Booting up a personal recommendation system for news

As I mentioned yesterday, I’m a big fan of ‘Rebooting the News’. That goes for both meanings: I love the podcast series by Jay Rosen and Dave Winer; and I’m also totally intrigued by the phenomenal transition of our system of news which is happening right under our noses.

In the 9-minute passage of RBTN 82 that I transcribed, our hosts talk about an idea that Dave put forward in a recent blog post, ‘Find me stuff that I’m interested in‘. It’s a discussion about the concepts of a personal recommendation system for news, on Dave’s part inspired by collaborative filtering technology which underpins Amazon’s personal product recommendations.

Not only do I agree with all the conceptual choices that Jay and Dave favor, – such as avoiding categories, using gestures, using feeds, looking at other users’ previous behavior, including information about authoring as well as consumption, including serendipity… – ; I have actually been thinking about these exact concepts for years.

Now, I’m not going to say, “It’s all been done already”, because Dave would think I’m trying to pitch a product :-)   Truth is, had it been done, we would all be using it. A personal system of highly relevant information is pretty much the Holy Grail of the Internet.

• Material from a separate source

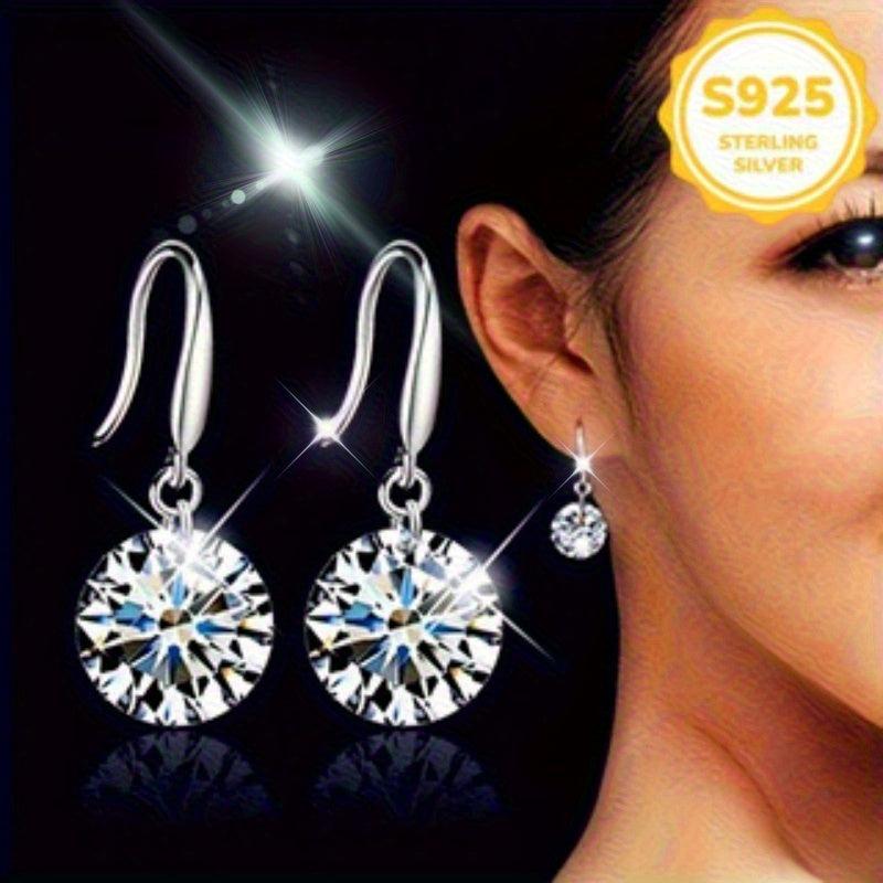 925 Sterling Silver Ear Hooks with Zirconia Studs Set

One potential complication with applying collaborative filtering to news content is that, when news breaks, there is no critical mass of gestures from previous users. This may cause some delay in the build-up of a recommendation. Instead of immediate, mass-scale amplification of the breaking news event, the news item might be a more slowly developing “trending topic” as per Twitter.

Also, when the news is very fresh, and its relevance is very personal (i.e. highly relevant to a small number of people), it may take too much time for a collaborative filtering system á la Amazon to collect sufficient gestures from other users in order to deliver the recommendation to the right people.

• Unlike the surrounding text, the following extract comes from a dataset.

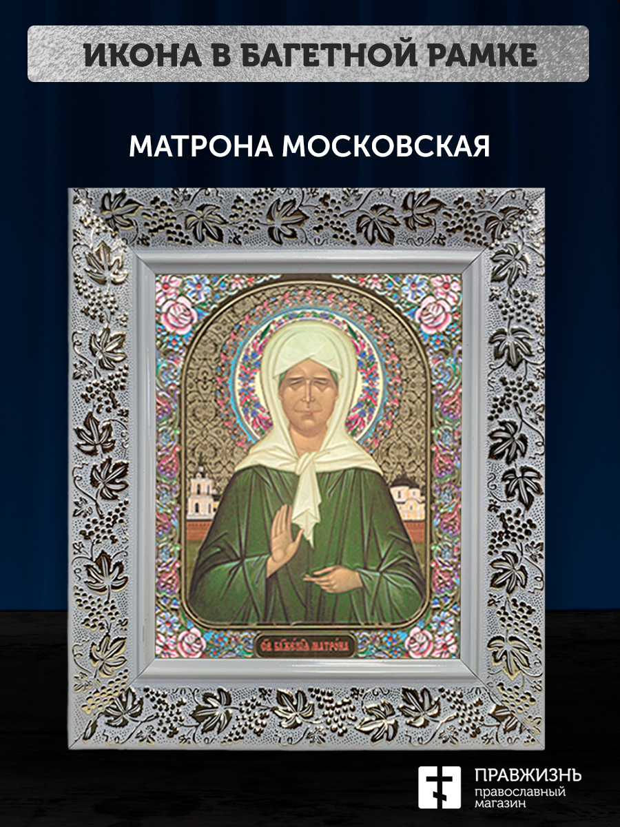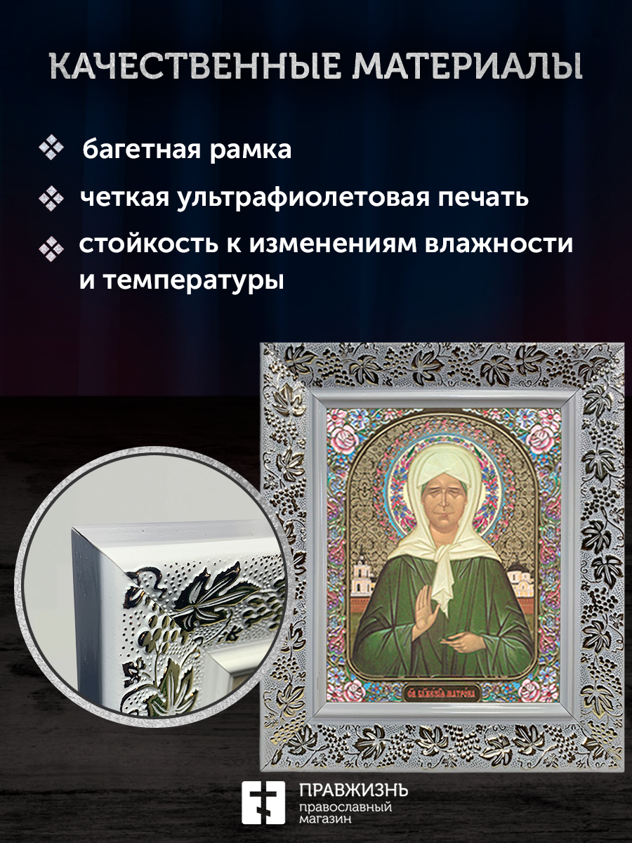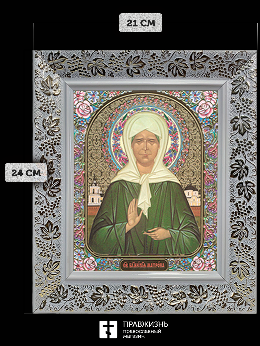 Икона Матрона Московская, бронзовая багетная рамка узкая с узором 15х18 см

Therefore, rather than waiting for a new news item to pick up the critical mass which can enable collaborative filtering the Amazon way, we could instead look at the *history* of users’ gestures. If the stuff I have “gestured” in the past is very similar to the stuff you have “gestured” in the past, there is a likelihood that what you “gesture” next will be of interest to me.

So what I propose, instead of collecting many gestures from different users in order to generate a recommendation to one specific user, is to identify pairs of users whose gesture behavior is most similar, and let their behavior inform their mutual recommendations.

One could calculate a “similarity-percentage” for each combination of two users based on their gestures. With a view to serendipity, the ideal similarity is not necessarily approaching 100 percent. The system could offer users a feature to mix their own doses of serendipity. Want more off-beat news today? Turn the potmeter down to 70 percent signal and get 30 percent noise!

BTW, one headache which this idea would take care of is the eternal question: “What is news?” Whatever news means to you is defined by what you “gesture”. Hence the more accurate question to ask would be: “What is relevant?” or, indeed: “What is interesting?”

Like said, I’ve been pondering over this stuff for a while and I’d just love the opportunity to help make it happen.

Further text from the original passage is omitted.